En Don Goyo, por ejemplo, Cusumbo, el personaje principal, deja la hacienda del litoral y huye hacia las islas donde inicia una nueva vida como pescador. Integra el mundo hostil y mágico de los manglares, marcado por la personalidad del viejo Don Goyo, quien al no poder hacer cesar la desmesurada explotación del manglero decide desaparecer en el agua.
 
El río, o el mundo acuático en general, acompañan toda la vida del montubio o Cholo, desde su nacimiento hasta su muerte, impregnando todo su espacio físico y mental :
 
« El olor a pescado se metía por todas las orillas como un bejucazo incesante. Era un olor penetrante, vigoroso. Se dijera que los cholos lo llevaran en el cuerpo y en el alma » (6)
 
El pez, su olor bien entrado en el « alma », adquiere también un valor simbólico muy importante relacionado con el rito iniciático de pasaje a la edad adulta. Es el caso evocado en el cuento de Nelson Estupiñán Bass, « El Gualajo », en el cual el niño Crispiniano ha de pescar un Gualajo para mostrar « una credencial de la hombría » (7).
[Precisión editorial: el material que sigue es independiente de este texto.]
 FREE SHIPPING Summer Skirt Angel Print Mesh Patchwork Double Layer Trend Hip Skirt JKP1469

Con el pez es también la fuerza (vigor/sexualidad) del río la que se introduce en el cuerpo del joven hombre.
 
El río hace el hombre, lo construye dándole fuerza, apaciguando o manteniendo sus temores, cristalizados en ritos, supersticiones, canciones. En el cuento « Guásiton (Historia de un lagarto montuvio)» de José de la Cuadra, se percibe toda la magia que nace del río al evocar uno de sus últimos grandes saurios.
 
Era un espíritu original el que alentaba en este gigante verde oscuro, acorazado como un barco de batalla o como un caballo medioeval, y que medía diez varas de punta de trompa a punta de cola.
Se decía que era generoso como un buen dios. Entre un caballo que pastara a la orilla y una mujer que lavara sus ropas en la playa, Guásiton prefería devorar el caballo. Las comadres afirmaban que no lo hacía por gula, sino por compasión, al escoger a la bestia en vez de a la mujerzuela. [...]
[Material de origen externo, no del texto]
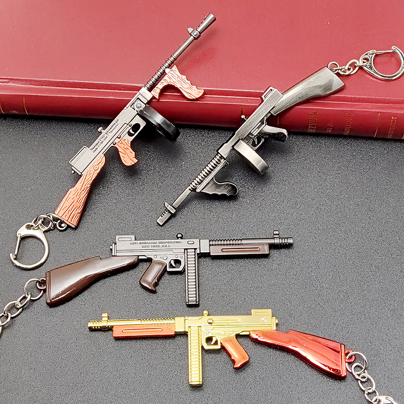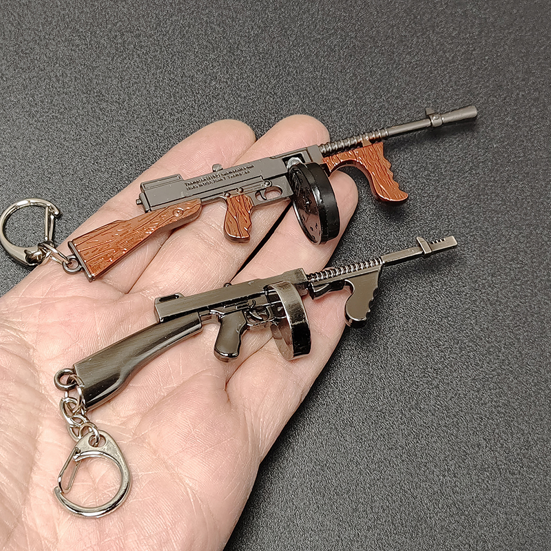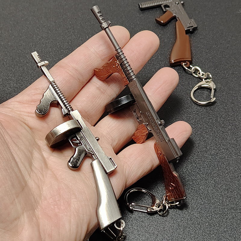 汤姆逊冲锋枪模型钥匙扣射击枪战吃鸡游戏周边汤普森金属挂件摆件

En las orillas su fama era casi mítica. Había para él una suerte de veneración, muy parecida a la religiosa. Comenzó todo por hacer asustar a los niños con su nombre terrible, y luego el miedo se contagió a los mayores. Como suele ocurrir, de ese miedo se engendró una superstición, y de ésta algo como un culto. (8)
 
Pero las más veces es el río en sí, el que se personifica y se respeta. En la novela Los Sangurimas, el río Mameyes permite establecer los límites de la hacienda de los Sangurimas, pero muy pronto deja su aspecto meramente geográfico para adquirir una dimensión más personalizada que entra en conflicto con los demás elementos y con el hombre. El río aparece como una deidad indomable que moldea todo el espacio y revela la valentía de los hombres.
 
El río de los Mameyes viene de la altura, rompiendo cauce bravamente. La tierra se le opone ; pero él sigue adelante, hacia abajo, en busca del mar. A través de una serie de confluencias, lanza al fin sus aguas, por el Guayas, al golfo de Guayaquil, en el Océano Pacífico. [...]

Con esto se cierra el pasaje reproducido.